The lead drug in Albireo’s pipeline is Bylvay (odevixibat), a potent, nonsystemic, once-daily oral ileal bile acid transport inhibitor.

Bylvay was approved in 2021 in the United States for the treatment of pruritus in patients three months of age and older with progressive familial intrahepatic cholestasis (PIHC), and in the European Union for the treatment of CIFP in patients six months of age and older. .

Pruritus is one of the most important and problematic clinical manifestations of the disease, often causing a sharp decrease in the quality of life of patients. Bylvay benefits from orphan exclusivity for indications approved for the treatment of CIFP in the United States and within the European Union.

“We welcome the potential that the acquisition of Albireo offers in terms of assets and scientific expertise, and we believe this is a solid growth opportunity for Ipsen,” said David Löw, CEO of Ipsen.

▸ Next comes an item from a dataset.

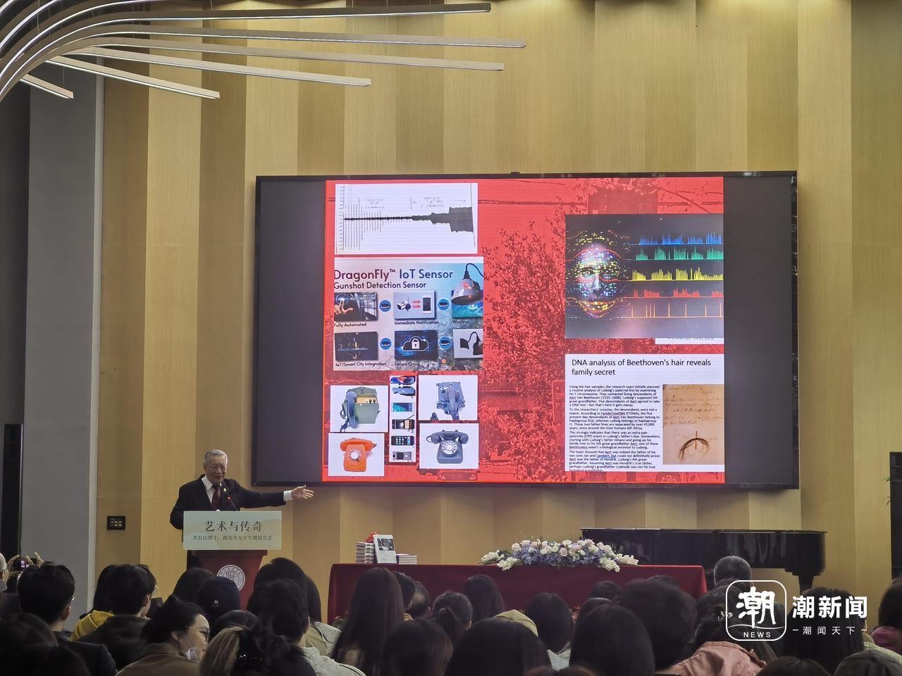 “其實我一點都不懂藝術(shù)。”講座一開始,李昌鈺來了這么一句。他說,雖然自己會吹口琴,那是小時候清苦生活中為數(shù)不多的慰藉,“但我做的是刑事鑒識,是科學,好像和藝術(shù)搭不上邊。”

“In addition to being the first drug approved for the treatment of CIFP, it has two other indications under investigation in rare liver conditions with high unmet need, thus strengthening our franchise in the disease. In addition, the bile acid transport inhibitors from Bylvay and the new clinical and preclinical portfolio of Albireo have shown their potential in the treatment of liver diseases. completes our portfolio.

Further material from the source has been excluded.